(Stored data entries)
_ _ _ _ _
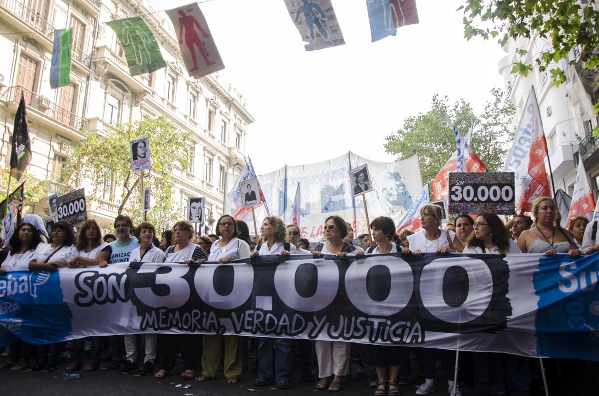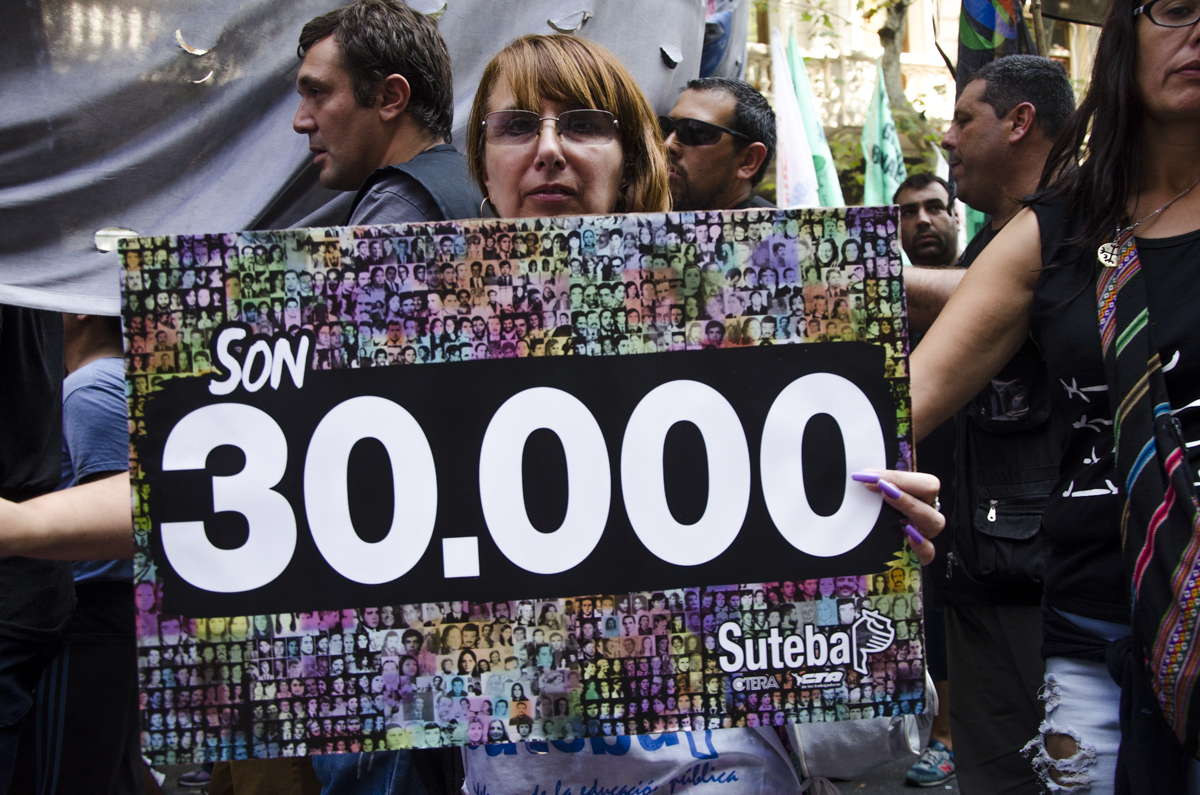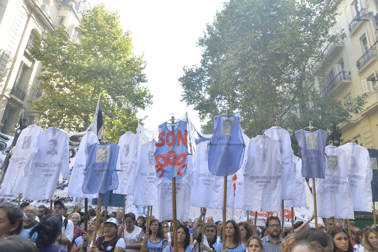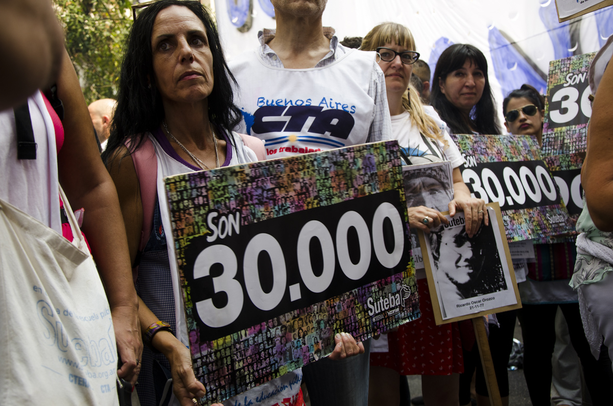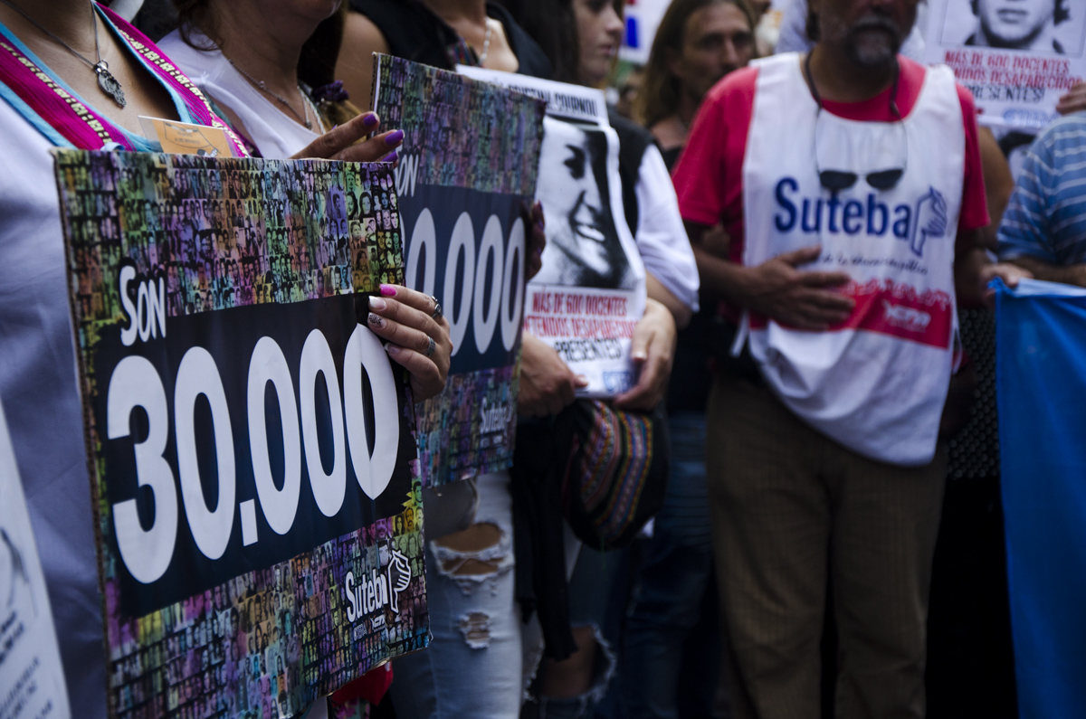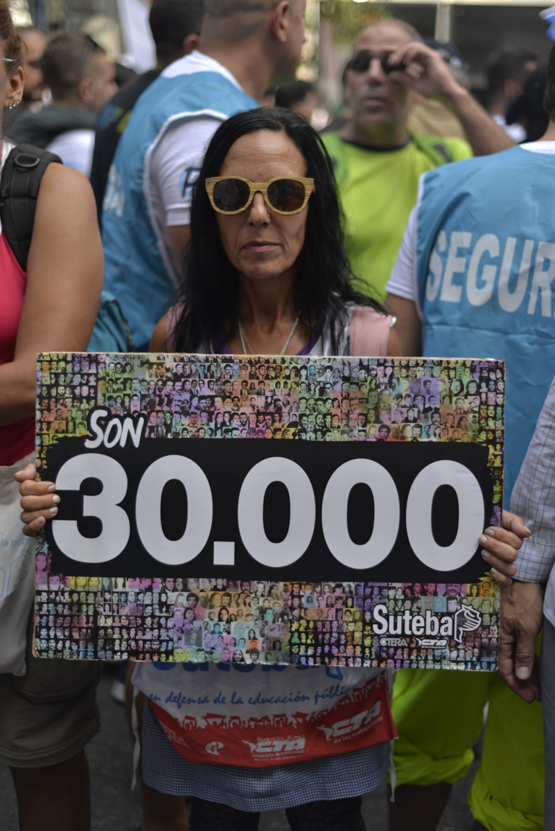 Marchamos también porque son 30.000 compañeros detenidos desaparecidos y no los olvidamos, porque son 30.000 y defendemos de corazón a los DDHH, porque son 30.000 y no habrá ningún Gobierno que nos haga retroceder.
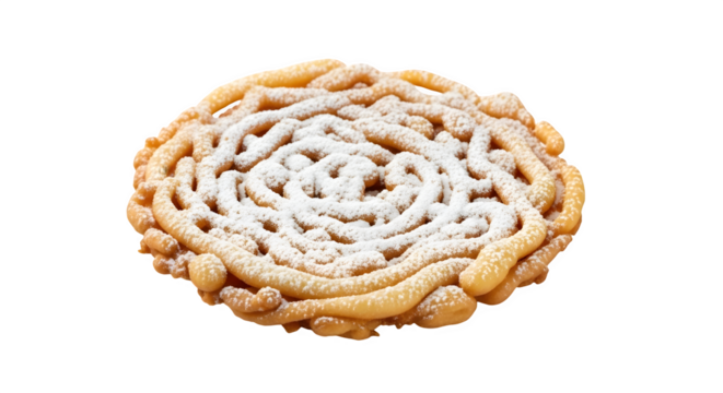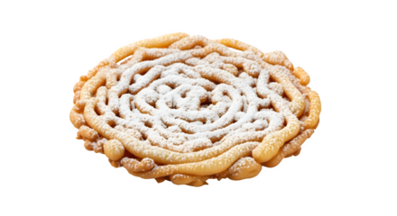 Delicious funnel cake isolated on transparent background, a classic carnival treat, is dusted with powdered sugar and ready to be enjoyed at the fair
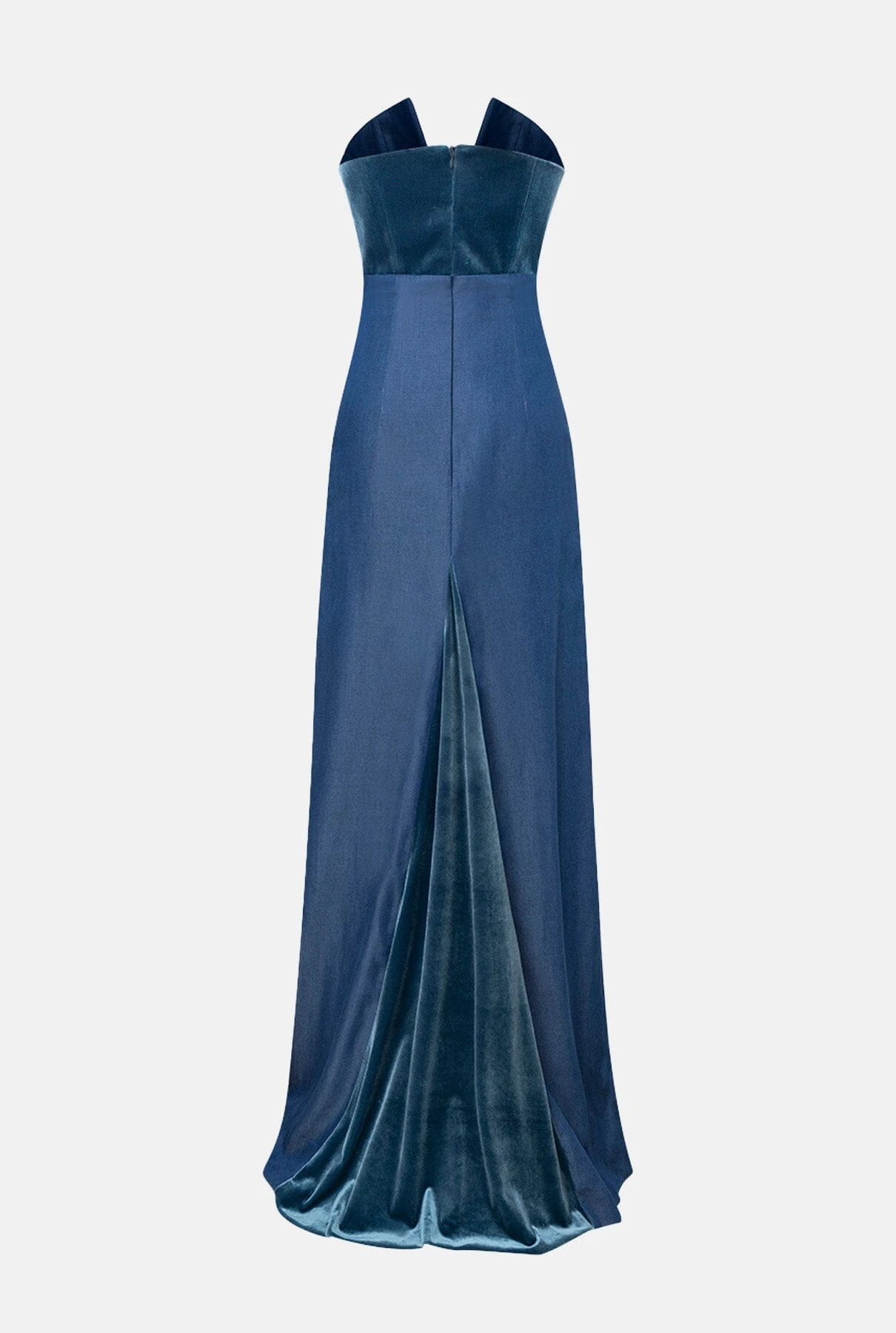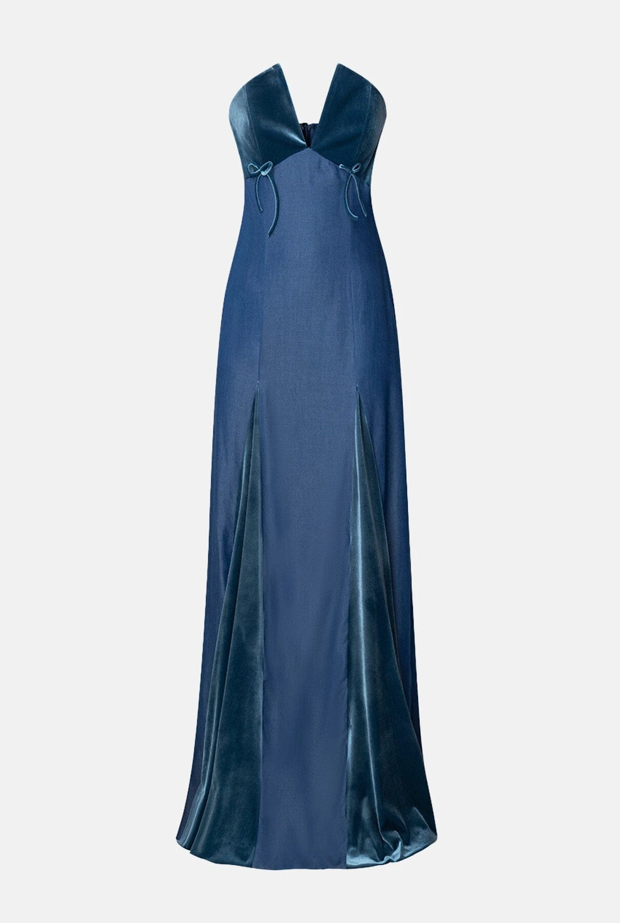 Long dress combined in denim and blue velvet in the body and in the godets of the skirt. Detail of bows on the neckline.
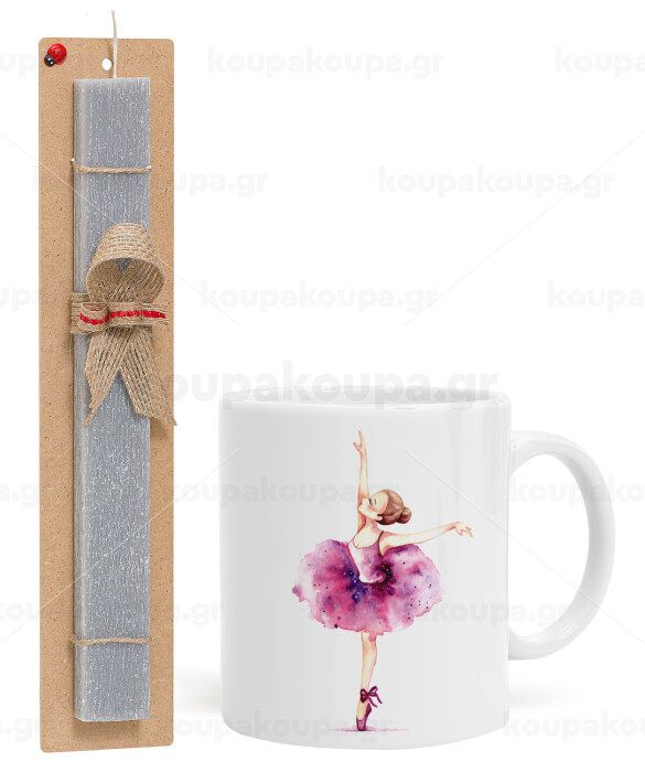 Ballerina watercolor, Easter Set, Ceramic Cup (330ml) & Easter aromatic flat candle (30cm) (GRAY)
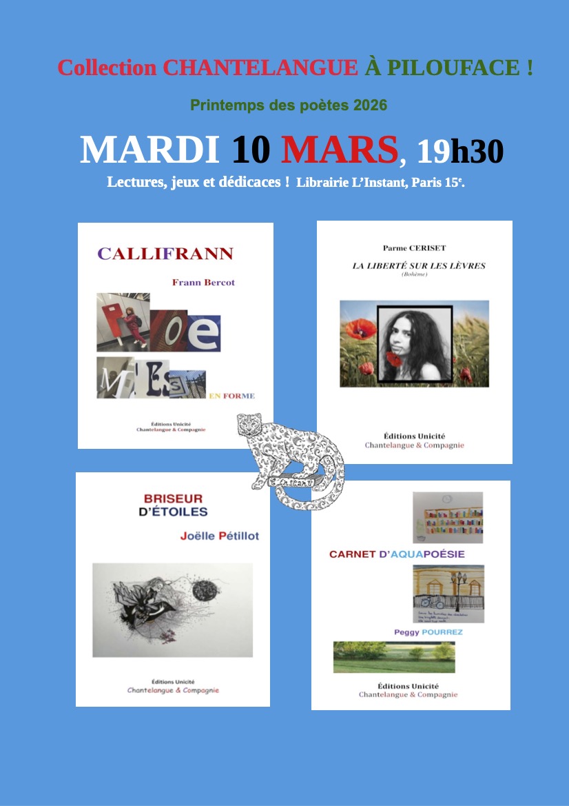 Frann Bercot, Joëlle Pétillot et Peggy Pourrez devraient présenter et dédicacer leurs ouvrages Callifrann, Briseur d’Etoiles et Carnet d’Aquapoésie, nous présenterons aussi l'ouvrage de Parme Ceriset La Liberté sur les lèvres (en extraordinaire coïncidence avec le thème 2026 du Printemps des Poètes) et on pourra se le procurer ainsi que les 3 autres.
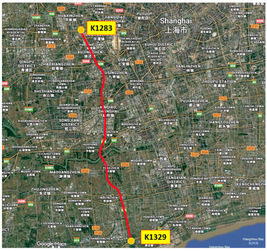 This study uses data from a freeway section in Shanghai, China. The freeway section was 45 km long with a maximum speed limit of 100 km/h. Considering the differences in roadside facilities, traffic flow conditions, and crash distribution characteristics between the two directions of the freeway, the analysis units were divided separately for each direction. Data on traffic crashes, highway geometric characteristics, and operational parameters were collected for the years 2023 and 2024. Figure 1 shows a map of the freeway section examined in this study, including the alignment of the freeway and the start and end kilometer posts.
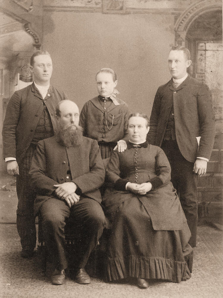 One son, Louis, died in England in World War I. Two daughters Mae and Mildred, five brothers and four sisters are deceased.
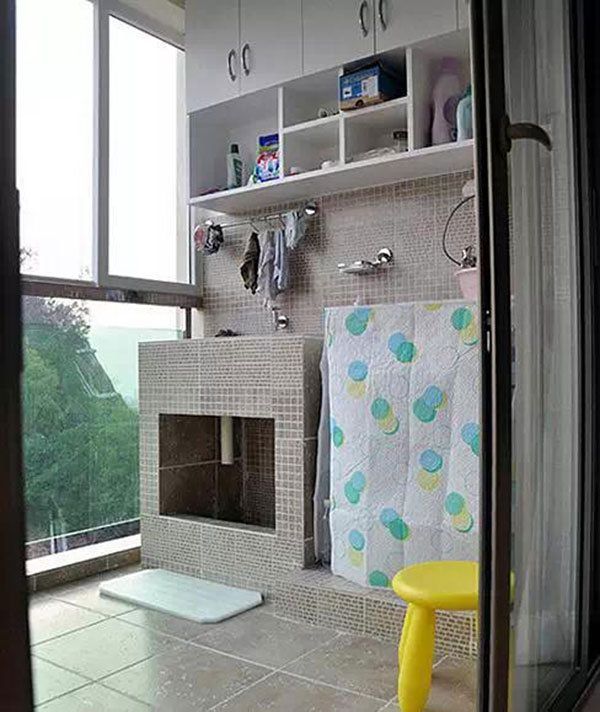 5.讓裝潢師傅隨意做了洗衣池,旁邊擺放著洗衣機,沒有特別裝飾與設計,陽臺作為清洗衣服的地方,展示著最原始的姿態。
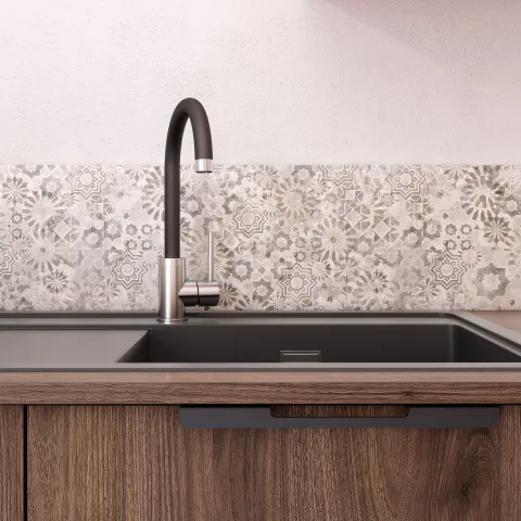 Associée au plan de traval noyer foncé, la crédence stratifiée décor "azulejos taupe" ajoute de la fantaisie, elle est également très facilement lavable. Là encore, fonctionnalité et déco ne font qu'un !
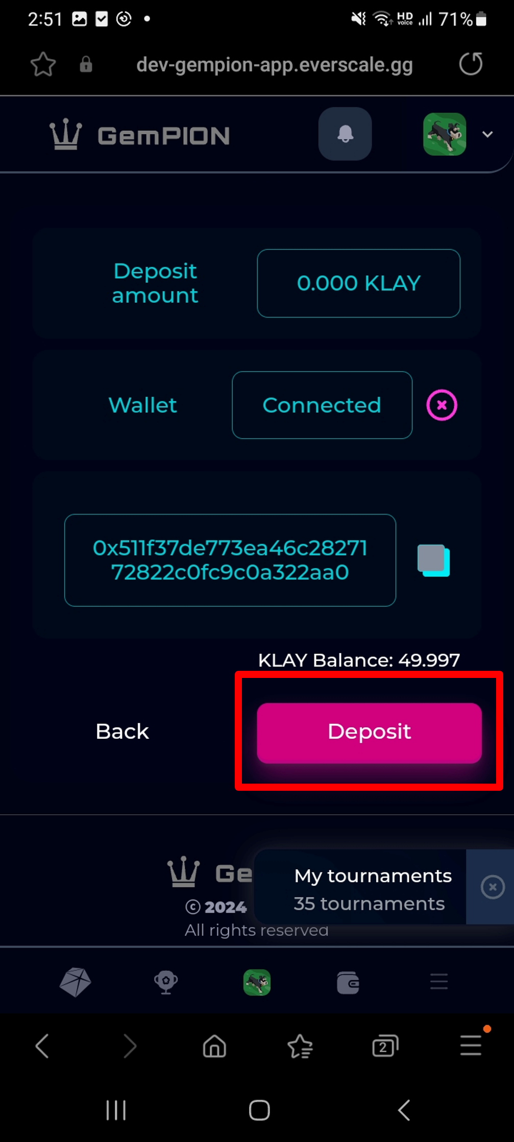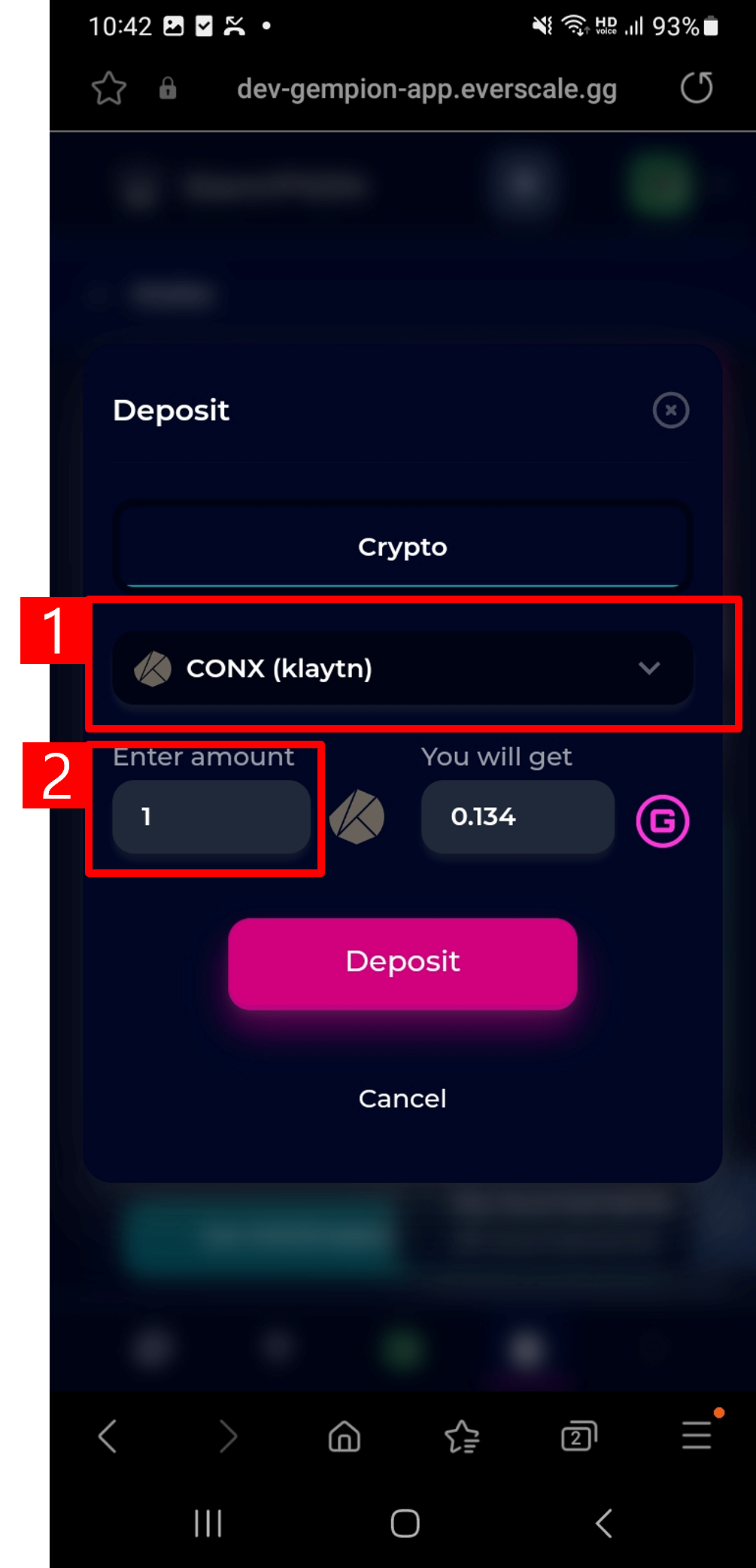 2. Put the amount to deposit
_ _ _ _ _
**Goal of the exercise**
No picture belongs in the answer, but every word of the records above does, exactly as given.

**Task output**
 Marchamos también porque son 30.000 compañeros detenidos desaparecidos y no los olvidamos, porque son 30.000 y defendemos de corazón a los DDHH, porque son 30.000 y no habrá ningún Gobierno que nos haga retroceder.
 Delicious funnel cake isolated on transparent background, a classic carnival treat, is dusted with powdered sugar and ready to be enjoyed at the fair
 Long dress combined in denim and blue velvet in the body and in the godets of the skirt. Detail of bows on the neckline.
 Ballerina watercolor, Easter Set, Ceramic Cup (330ml) & Easter aromatic flat candle (30cm) (GRAY)
 Frann Bercot, Joëlle Pétillot et Peggy Pourrez devraient présenter et dédicacer leurs ouvrages Callifrann, Briseur d’Etoiles et Carnet d’Aquapoésie, nous présenterons aussi l'ouvrage de Parme Ceriset La Liberté sur les lèvres (en extraordinaire coïncidence avec le thème 2026 du Printemps des Poètes) et on pourra se le procurer ainsi que les 3 autres.
 This study uses data from a freeway section in Shanghai, China. The freeway section was 45 km long with a maximum speed limit of 100 km/h. Considering the differences in roadside facilities, traffic flow conditions, and crash distribution characteristics between the two directions of the freeway, the analysis units were divided separately for each direction. Data on traffic crashes, highway geometric characteristics, and operational parameters were collected for the years 2023 and 2024. Figure 1 shows a map of the freeway section examined in this study, including the alignment of the freeway and the start and end kilometer posts.
 One son, Louis, died in England in World War I. Two daughters Mae and Mildred, five brothers and four sisters are deceased.
 5.讓裝潢師傅隨意做了洗衣池,旁邊擺放著洗衣機,沒有特別裝飾與設計,陽臺作為清洗衣服的地方,展示著最原始的姿態。
 Associée au plan de traval noyer foncé, la crédence stratifiée décor "azulejos taupe" ajoute de la fantaisie, elle est également très facilement lavable. Là encore, fonctionnalité et déco ne font qu'un !
 2. Put the amount to deposit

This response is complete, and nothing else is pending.